简体   繁体   English

散景不能用SQL数据解释正确的比例

[英]Bokeh not interpreting correct scale with SQL data

Explored lots of various solutions here but not finding one that works. 在这里探索了许多各种解决方案,但没有找到可行的解决方案。 I'm using sqlite and pandas to read data from a SQL database, but Bokeh doesn't like the date. 我正在使用sqlite和pandas从SQL数据库读取数据,但Bokeh不喜欢日期。 I've tried conversions to datetime, unixepoch, etc. and they all seem to yield the same result. 我尝试了转换为日期时间,unixepoch等,它们似乎都产生了相同的结果。

EDIT: Here's the full code: 编辑:这是完整的代码:

from os.path import dirname, join

import pandas as pd
import pandas.io.sql as psql
import numpy as np
import sqlite3
import os

from math import pi

from bokeh.plotting import figure, output_file, show 
from bokeh.io import output_notebook, curdoc
from bokeh.models import ColumnDataSource, Div, DatetimeTickFormatter
from bokeh.models.widgets import Slider, Select, RadioButtonGroup
from bokeh.layouts import layout, widgetbox

import warnings
import datetime

warnings.filterwarnings('ignore')


## Set up the SQL Connection

conn = sqlite3.connect('/Users/<>/Documents/python_scripts/reptool/reptool_db')
c = conn.cursor()

## Run the SQL

proj = pd.read_sql(
                       """

                        SELECT  

                        CASE WHEN df is null THEN ds ELSE df END AS 'projdate',
                        CASE WHEN yhat is null THEN y ELSE yhat END AS 'projvol',
                        strftime('%Y',ds) as 'year'

                        FROM forecast 

                        LEFT JOIN actuals 
                        ON forecast.ds = actuals.df 

                       """, con=conn)


# HTML index page and inline CSS stylesheet

desc = Div(text=open("/Users/<>/Documents/python_scripts/reptool/description.html").read(), width=800)


## Rename Columns and create list sets

proj.rename(columns={'projdate': 'x', 'projvol': 'y'}, inplace=True)

x=list(proj['x'])
y=list(proj['y'])

# proj['projdate'] = [datetime.datetime.strptime(x, "%Y-%m-%d").date() for x in proj['projdate']]

# Create input controls


radio_button_group = RadioButtonGroup(
        labels=["Actuals", "Forecast","FY Projection"], active=0)

min_year = Slider(title="Period Start", start=2012, end=2018, value=2013, step=1)
max_year = Slider(title="Period End", start=2012, end=2018, value=2017, step=1)

## Declare systemic source

source = ColumnDataSource(data=dict(x=[], y=[], year=[]))


## Bokeh tools

TOOLS="pan,wheel_zoom,box_zoom,reset,xbox_select"

## Set up plot


p = figure(title="REP Forecast", plot_width=900, plot_height=300, tools=TOOLS, x_axis_label='date', x_axis_type='datetime', y_axis_label='volume', active_drag="xbox_select")

p.line(x=proj.index, y=y, line_width=2, line_alpha=0.6)

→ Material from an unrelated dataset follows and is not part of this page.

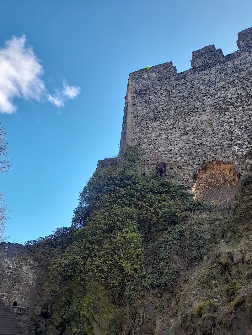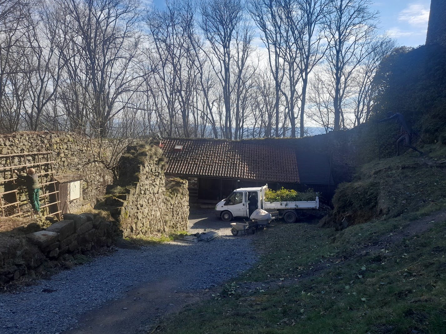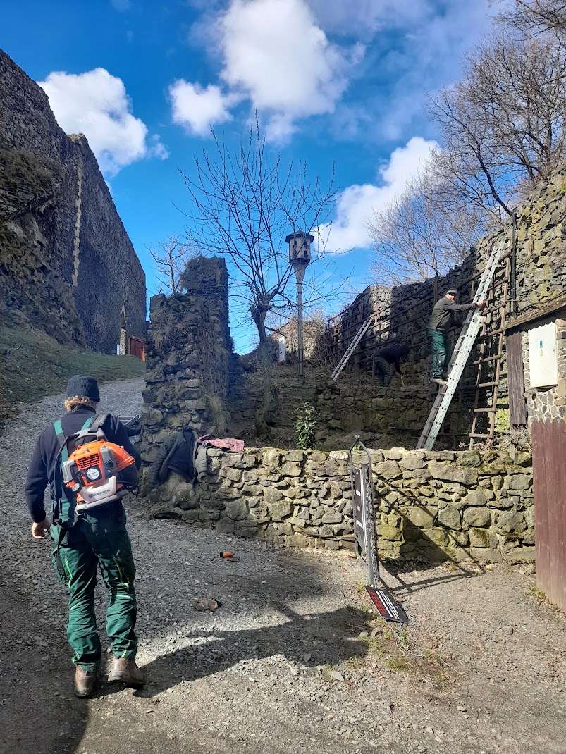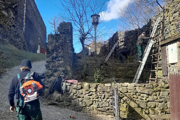 Slovy klasika - péče o zříceninu je věčný boj se zelení. Zatímco velkou část hradního kopce spásají kozy, krocení zeleně na hradě je na lidském faktoru. Kromě toho, že pečujeme o stromy v areálu i v bezprostředním okolí hradu, musíme likvidovat náletové stromky a keře jak z hradebního zdiva, tak ze skal - obojí je jejich kořeny rozrušováno. Redukujeme také břečťan pnoucí se po hradbách - na pohled je sice krásný, ovšem pro hradební zdivo působí jako nežádoucí zátěž.

p.xaxis.major_label_orientation = pi/4

# p.xaxis.formatter = DatetimeTickFormatter(seconds=["%Y:%M"],
#                                             minutes=["%Y:%M"],
#                                             minsec=["%Y:%M"],
#                                             hours=["%Y:%M"])

# axis map


# definitions

def select_rep():
    selected = proj[
        (proj.year >= min_year.value) &
        (proj.year >= max_year.value)
    ]
    return selected

def update():
    proj = select_rep()
    source.data = dict(
        year=proj["year"]   
    )



controls = [min_year, max_year]
for control in controls:
    control.on_change('value', lambda attr, old, new: update())

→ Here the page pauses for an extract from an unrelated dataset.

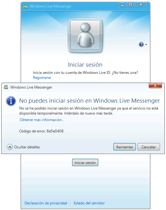 Error 8e5e0408 en el Inicio de Windows Live Messenger

sizing_mode = 'fixed'  # 'scale_width' also looks nice with this example

## Build the html page and inline CSS
inputs = widgetbox(*controls)
l = layout([
    [desc],
    [p],
    [inputs],
], )

# update()

curdoc().add_root(l)
curdoc().title = "REP"

The SQLite output in Terminal.app looks like this: Terminal.app中的SQLite输出如下所示:

SQL 的SQL

The result is, that the x-axis displays in milliseconds. 结果是,x轴以毫秒为单位显示。 Also, the y-axis is showing up as exponential notation: 另外,y轴显示为指数符号:

Bokeh Plot 散景图

The issue seems somehow related to pandas use of indexing, and thus I can't reference "x" here. 这个问题似乎与熊猫使用索引有关,因此在这里我不能引用“ x”。 I rename the columns and force list sets which, by themselves, will print correctly... and should therefore plot into the line properly but as you'll see below, they don't: 我重命名了列和强制列表集,它们本身可以正确打印...因此应该正确地绘制到行中,但是正如您将在下面看到的那样,它们不能:

proj.rename(columns={'projdate': 'x', 'projvol': 'y'}, inplace=True)

x=list(proj['x'])
y=list(proj['y'])

To get the line to render in Bokeh, I have to pass it the index because passing it anything else doesn't seem to get the glyph to render. 要使线条在Bokeh中呈现,我必须将其传递给索引,因为传递其他任何东西似乎都无法使该字形呈现。 So currently I have this: 所以目前我有这个:

p = figure(title="REP Forecast", plot_width=900, plot_height=300, tools=TOOLS, x_axis_label='date', x_axis_type='datetime', y_axis_label='volume', active_drag="xbox_select")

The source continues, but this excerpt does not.